Из-за язвы Алексу было показано выпивать кварту молока в день. Однако к осени 1940 года продуктов стало не хватать, перевозки были ограничены, и мы питались только тем, что могли достать в округе. Молока было особенно мало – его можно было купить только у местных фермеров, а коров держали немногие, и всё молоко шло детям. Через несколько недель после нашего приезда я стала по вечерам ходить на ферму в восьми километрах от нашего дома за молоком Алексу. К тому моменту я уже смело разъезжала по окрестностям на своем сверкающем новеньком велосипеде, и это поручение наполняло меня гордостью – я добываю молоко, чтобы вылечить Алекса! Я катила по дороге, на руле болтался бидон, и, проехав несколько километров вдоль залива, сворачивала на песчаную тропинку среди сосен. Летом сосны осыпались, и ехать по плотному ковру из иголок было страшно и весело. Чтобы наверняка добыть молоко, мне надо было отправиться в путь на закате, когда коров приводили с пастбища и вели на дойку. Сквозь деревья светило заходящее солнце и заливало золотом бурую землю. Я наслаждалась тишиной леса, нарушаемой только шуршанием моих шин по сосновым иглам, дребезжанием пустого бидона, щебетом птиц, которые утихомиривались перед сном в косых лучах солнца.

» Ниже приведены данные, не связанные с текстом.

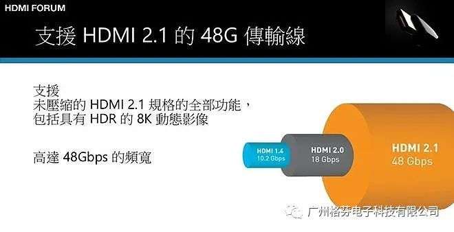 2017 年 1 月推出的最新 HDMI 2.1版本,HDMI 2.1最大的特点是传输带宽从18Gbps大幅提高到48Gbps,支持动态HDR、音频回传通道(eARC)、可变刷新率(VRR)、快速媒体切换(QMS)、 快速帧传输(QFT)、自动低延迟模式(ALLM)、VESA DSC 1.2a等新技术;可以支持高达 7,680 × 4,320/60Hz(8K/60p) 的影像,或者 4K/120Hz 的更高帧率影像。HDMI 2.1 将会继续对应返原有的 HDMI A、C 及 D 等几种插头设计。而且支持新的 Dynamic HDR 技术,比起现时的“静态”HDR,“动态”HDR 可以因应每一格画面的光暗分布进一步提升对比同光暗层次表现。音效方面,HDMI 2.1 支持新的 eARC 技术,比起现有的ARC(Audio Return Channel),可以回传 Dolby Atmos 等 Object-based 音效。

Через несколько километров сосны начинали редеть, я выезжала на лужайку, и по правую руку, в конце глинистой тропки, показывалась ферма. Я слезала с велосипеда и шла к коровнику, где уже собирались дети в ожидании фермера.

Когда солнце касалось горизонта, к нам выходил сам фермер – медлительный недоверчивый человек. Подходила моя очередь, и он наливал мне четыре ковша молока, я доставала из кармана мелочь и, после того как фермер тщательно ее пересчитает, забирала свой бидон. Самая легкая часть оставалась позади. Теперь мне надо было не расплескать молоко и преодолеть страх возвращения домой по темноте.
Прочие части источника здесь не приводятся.